Pictures are to be left out. Return exactly the lines below from the one with "(FOTO UTAMA : Kajati" up to and including the one with "夕焼け色に染まっていく水平線を眺めながら、ビーチで焚き火を楽しむことが可能。".
....
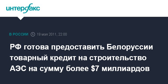 Минск.19 мая. INTERFAX.RU - Россия готова предоставить Белоруссии кредит на строительство АЭС только товарами и услугами на сумму более $7 миллиардов, заявил глава Минфина Алексей Кудрин.
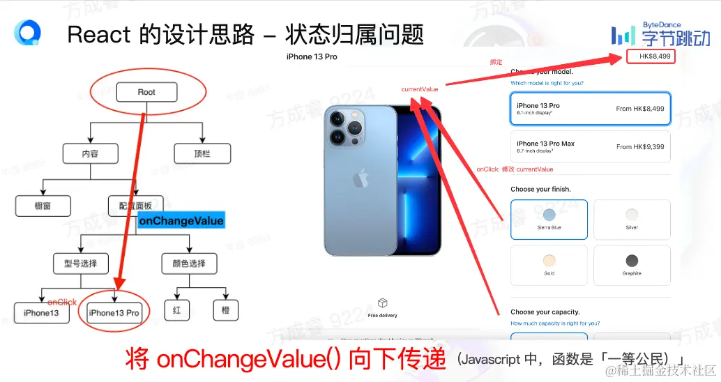 - 但是不代表子组件不能改变父组件,因为可以把函数往下传
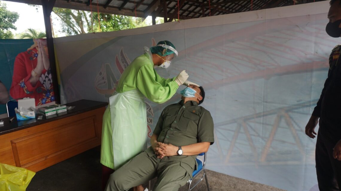 (FOTO UTAMA : Kajati Kalteng Iman Wijaya, SH. M.Hum., sedang diswab rapid tes Antigen)
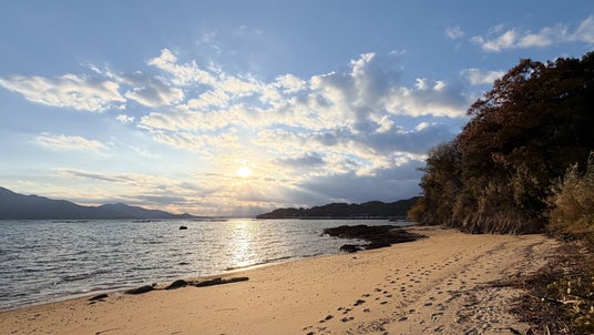 夕焼け色に染まっていく水平線を眺めながら、ビーチで焚き火を楽しむことが可能。
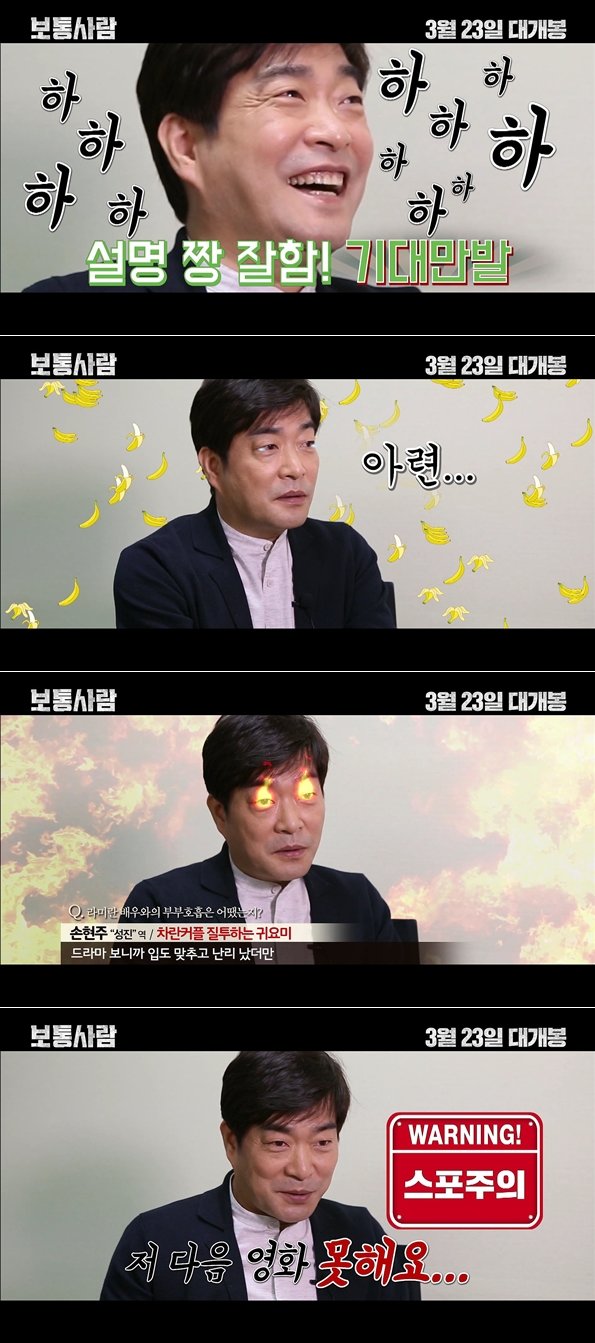 뿐만 아니라 ‘보통사람’을 통해 부부호흡을 맞춘 배우 라미란에 대해서는 최근 드라마에서 키스신을 찍은 것을 언급, 질투하는 손현주의 모습이 담겨 깨알 같은 재미를 선사한다. 한편, 영상의 마지막에는 기억에 남는 촬영장 에피소드를 말하던 손현주가 이야기를 갑자기 중단하는 모습이 담겨 단숨에 이목을 집중시키며, “저 다음 영화 못해요”라며 스포일러를 주의하는 모습이 이어져 영화에 대한 호기심을 최고조로 불러일으킨다.
....
## Result:
 (FOTO UTAMA : Kajati Kalteng Iman Wijaya, SH. M.Hum., sedang diswab rapid tes Antigen)
 夕焼け色に染まっていく水平線を眺めながら、ビーチで焚き火を楽しむことが可能。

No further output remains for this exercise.